将多维对象转换为查询字符串

I have an object:

{"f":{"cid":"325","field_name[10][0]":"133","field_name[10][1]":"132","price":"320|3600"}}

And I would like to convert this object to query string. I'm using this function:

function toQueryString(obj, prefix) {
        var str = [];
        for(var p in obj) {
            var k = prefix ? prefix + "[" + p + "]" : p, v = obj[p];
            str.push(typeof v == "object" ?
              toQueryString(v, k) :
              encodeURIComponent(k) + "=" + encodeURIComponent(v));
        }
        return str.join("&");
}

But this function gives me result:

f[cid]=325&f[field_name[10][0]]=133&f[field_name[10][1]]=132&f[price]=320%7C3600

This is wrong as I can't get right result on my server side:

Array
(
    [f] => Array
        (
            [cid] => 325
            [field_name[10] => Array
                (
                    [0] => 133
                )

            [price] => 320|3600
        )
)

How can I solve this problem? I think the right result will be something like this:

f[cid]=325&f[field_name[[10][0]]]=133&f[field_name[[10][1]]]=132&f[price]=320%7C3600

I changed your function a little in order to correct the nested query strings:

function toQueryString(obj, prefix) {
    var str = [], k, v;
    for(var p in obj) {
        if (!obj.hasOwnProperty(p)) {continue;} // skip things from the prototype
        if (~p.indexOf('[')) {
            k = prefix ? prefix + "[" + p.substring(0, p.indexOf('[')) + "]" + p.substring(p.indexOf('[')) : p;
// only put whatever is before the bracket into new brackets; append the rest
        } else {
            k = prefix ? prefix + "[" + p + "]" : p;
        }
        v = obj[p];
        str.push(typeof v == "object" ?
          toQueryString(v, k) :
          encodeURIComponent(k) + "=" + encodeURIComponent(v));
    }
    return str.join("&");
}

Running this function on your original object now gives us this query string:

f[cid]=325&f[field_name][10][0]=133&f[field_name][10][1]=132&f[price]=320|3600

If we pass this to a PHP page told to print_r($_GET), it gives us:

Array
(
    [f] => Array
        (
            [cid] => 325
            [field_name] => Array
                (
                    [10] => Array
                        (
                            [0] => 133
                            [1] => 132
                        )

                )

            [price] => 320|3600
        )

)

Exactly what you wanted, right?

function solution(inputString, objectName)
{
    var startingIndex =  inputString.replace(/'/g, "").indexOf('{')
    var endingIndex =  inputString.replace(/'/g, "").indexOf('}')
    var propertyValuePairs = inputString.replace(/'/g, "").substring(startingIndex + 1, endingIndex ).split(',')
    var propertyValues = new Array();

    $.each(propertyValuePairs , function(index, element){ 
        var elements = element.split(':'); propertyValues.push({property: elements[0], value: elements[1]}); 
    });

    var result = "";

    for (var i = 0; i < propertyValues.length; i++) {
         result += objectName + "[" + propertyValues[i].property + "]" + "=" + propertyValues[i].value + "&";
    }
    return result.substring(0, result.length - 1);
}

This question already has an answer that does what you want, but I decided to explain the alternative that I hinted at in my comment because I think it is good to know more than one way of doing things.

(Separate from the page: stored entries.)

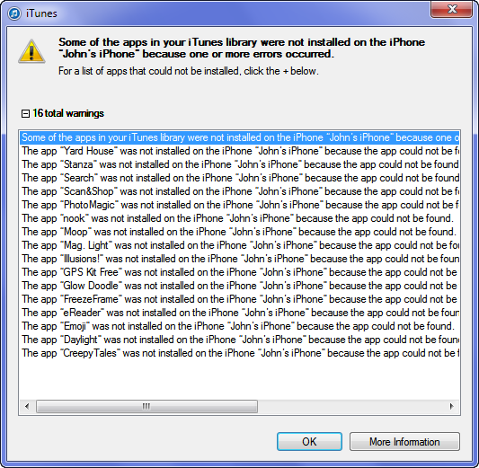 After upgrading to IOS 7, there are a nmber of apps that were removed, and not reinstalled (presumably they are not compatible with IOS 7, or no longer availabl). A few of these apps I was able to re-download and that solved the problem. However, there are a number of apps that are no longer available and iTunes keeps trying to install them. I have unchecked them in the app sync list, but iTunes ignores this.
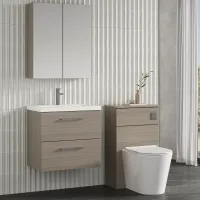 Nuie Deco 500mm Satin Grey Wall Hung 2-Drawer Vanity Unit with Curved Basin
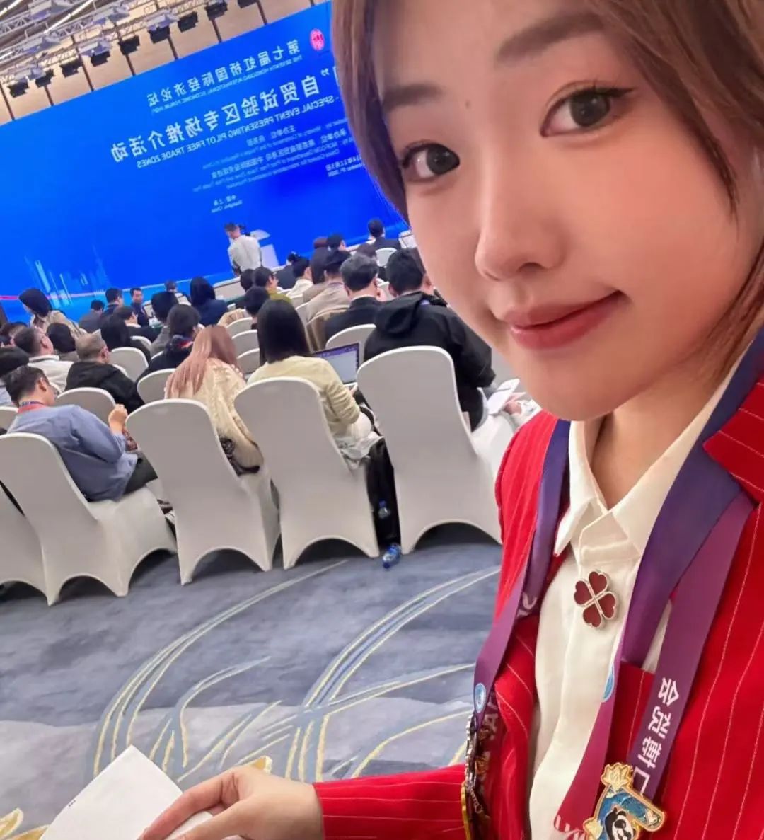 我们志愿者便是这台机器中的一颗小小的螺丝钉。在论坛开始之前,我们配合会务人员,引导贵宾进行小范围会见洽谈、引导入场、并协助完成签到等流程。负责的论坛结束之后,我们也会被分配到会员小管家的岗位,了解嘉宾和企业信息,伴随企业观展,做好引导工作。在馆内,亮眼的红西装是嘉宾们的指路牌。看着他们匆匆地来,点了点头又步履不停地去,在说出每一句“欢迎您的到来”时,我内心总感到无比的使命感和归属感。我相信,如果进博会是一座金色大厅,我们便是悬挂在这座金色大厅的闪烁星辰。
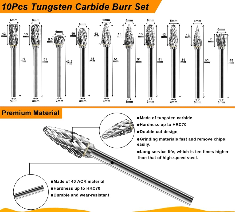 【مجموعة شفرات كربيد التنجستين المكونة من 10 قطع】: يتم وضع المجموعة في علبة بلاستيكية بتصميم مزدوج القطع يمكنه طحن المواد بسرعة وإزالة الرقائق بسهولة، وتحسين كفاءة العمل وتوفير وقتك. مع ساق 1/8 بوصة متوافقة مع دريميل وميلووكي ومعظم الأدوات الدوارة الصغيرة مع ثلاثة فكين، ممتازة للمعادن والخشب والبلاستيك والحجر والزجاج والسيراميك وما إلى ذلك.
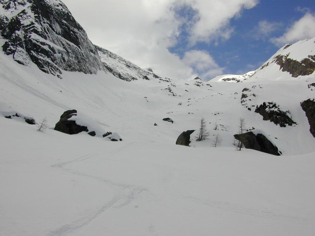 Vom Wimmhof (940) in Fusch in der Morgendämmerung (5:45 Uhr) zunächst die Schi tragend den Almweg hinauf. Nach ca. 25min. geht's dann auf den Schiern weiter. Da über Nacht die Temperaturen nicht unter 5°C waren, gings folglich schon im etwas weichen Sulzschnee los - Die Spur wurde aber mit steigender Höhe immer fester. Vorbei an der Schmalzgruben Grundalm (1364) zur Schmalzgruben Hochalm (1720). Wetter zu dieser Zeit sehr trüb und im oberen Schmalzgrubenkar sogar etwas Schneefall! Schidepot auf dem Zwingkopf (3117). Zu Fuß weiter zur Schneespitze (3317). Wetter ab hier schon sonnig. Den letzten Anstieg zum Hohen Tenn hat dann außer mir niemand mehr gemacht - hat sich aber gelohnt. Achtung! Sollte man lieber zu zweit machen - 2 kritische Stellen. Wetter jetzt endgültig super. Die Fönmauer bleibt auf Kärtner Seite. Ein paar aufsteigende Nebelschwaden, die dann immer häufiger auftreten veranlassen mich dann endgültig zum Abstieg. Die Abfahrt ab Zwingkopf im (etwas schweren) Pulver. Ab Mitte Schmalzgrubenkar immer tiefer werdender Firn. Ab Schmalzgruben Hochalm dann Sumpf. Der Lawinengraben noch einigermaßen befahrbar.

It doesn't do what you want exactly, but I think it is a simpler, robuster, and more maintainable method of transmitting arbitrary objects.

function toQueryString(obj, name)  {
    return encodeURIComponent(name) + '=' +
        encodeURIComponent(JSON.stringify(obj));
} 

On the php side (assuming name was "foo"), all you have to do is:

$foo=json_decode($_GET["foo"], true);

The only bit of difficulty is that if you want to support certain versions of Internet Explorer, you have to use a polyfill for JSON.stringify, but these are readily available.

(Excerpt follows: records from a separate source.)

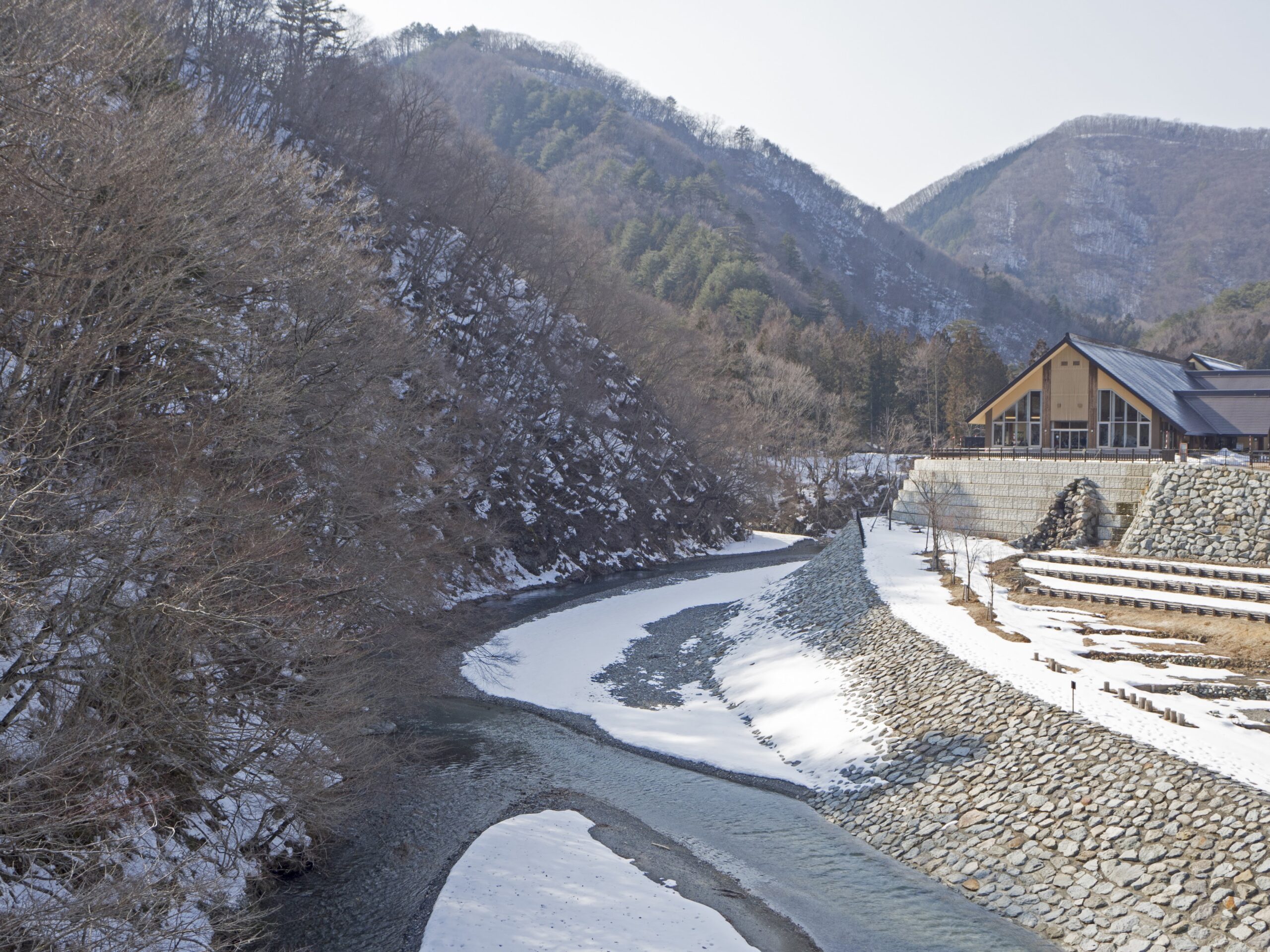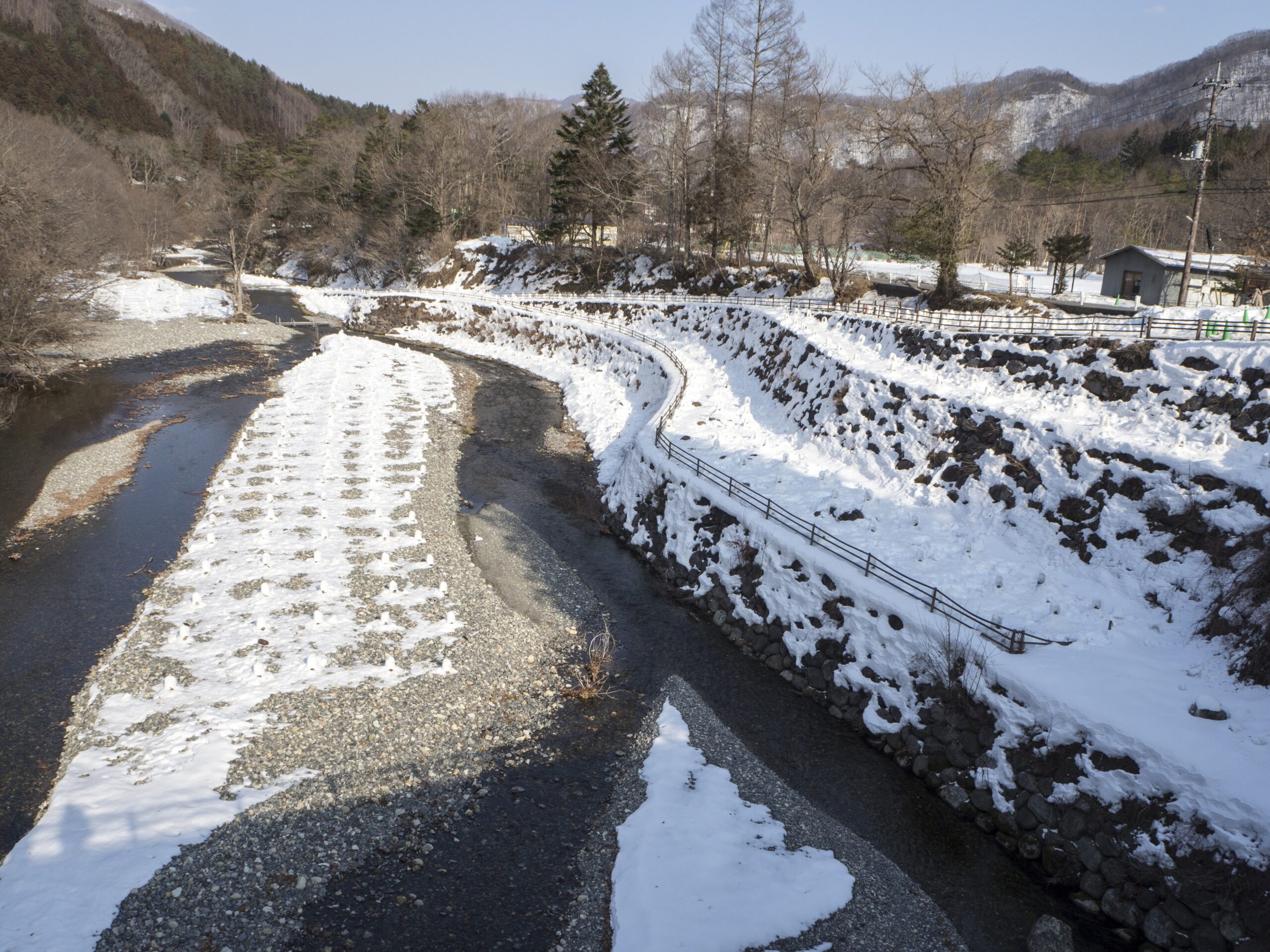 今年のメイン会場は「平家の里」となっているけれど、景色として「おぉ~~っ!!」と見ごたえあるのは、もうちょっと先の上流にある「沢口河川敷のミニかまくら」の方です。
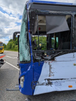 Zweite Aktualisierung: B 414 nach Kollision zwischen Bus und Lkw wieder freigegeben
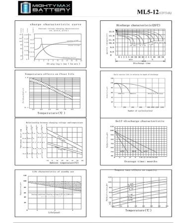Full One Year Warranty. Rechargeable battery that can be mounted in any position, resists shocks and vibration. Long lasting high performance in high and low temperatures. SLA / AGM spill proof battery has a characteristic of high discharge rate, wide operating temperatures and long service life. Dimensions: 3.58 inches x 2.76 inches x 4.21 inches. Terminal: F1. Listing is for the Battery only. No wire harness or mounting accessories included. ML5-12 SLA is a 12V 5AH Sealed Lead Acid (SLA) rechargeable maintenance free battery - UL Certified.
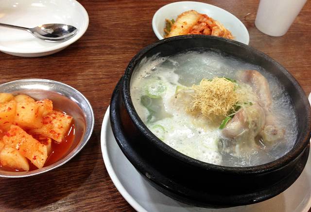 午饭吃参鸡汤,点了一碗汤加一分海鲜饼,非常撑!ps:结账出示优惠券可以打95折,所以是26600韩币。
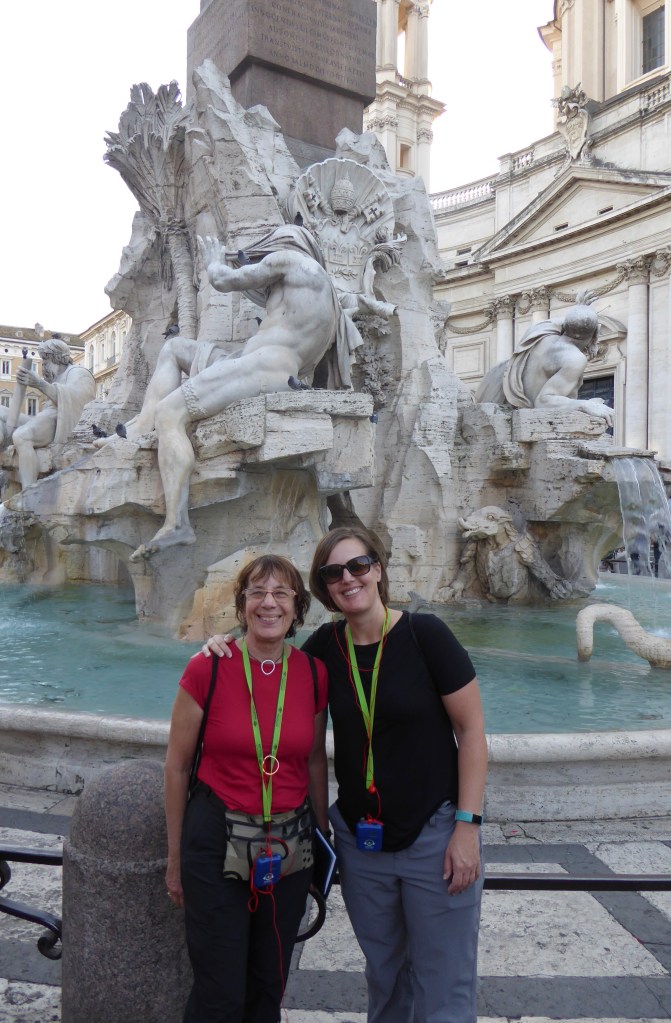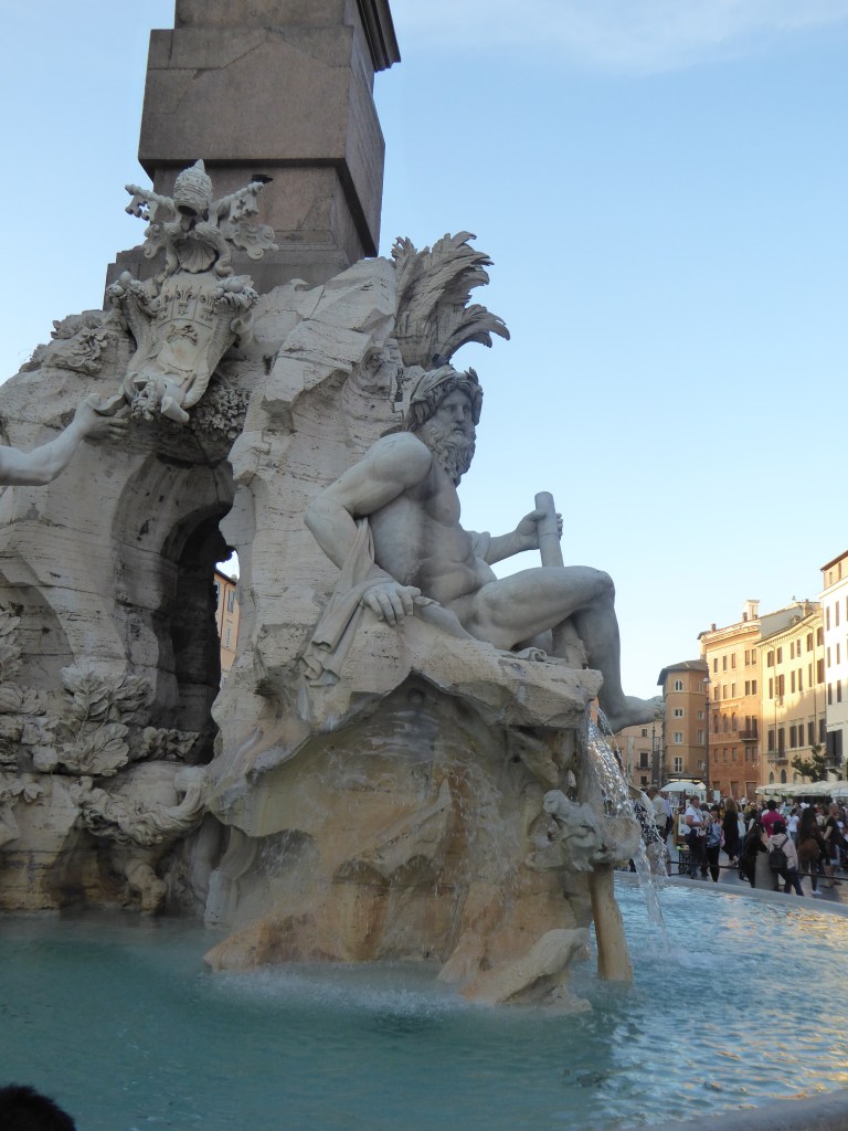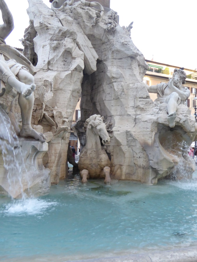 Rome was covered thoroughly in post #30, but there are a few gems that I saw or learned on this visit. After going to the Borghese Gallery on my previous visit, I was on the lookout for Bernini’s sculptures (1598 to 1680). I absolutely love his work such as St. Peter’s square, the angel sculptures on the Bridge of Angels, and the Four River Fountain in the Piazza Navonne. Above are Maggie and I in front of the Four River Fountain and below are two more pictures of the fountain.

The drawback is naturally an extra indirection, but I think there is a major benefit: you are pushing the burden of bug testing this to the browser manufacturers and (if necessary) the developers of whatever implementation of JSON.stringify you decide to use.

Granted that has the drawback of introducing a new dependency, but I believe it is useful enough to warrant it.

Your mileage may vary.

Also: if you can send the data using a POST request, than you can directly send the result of JSON.stringify as raw POST data without URL encoding it. In the PHP side you can fetch it with json_decode(file_get_contents("php://input"), true)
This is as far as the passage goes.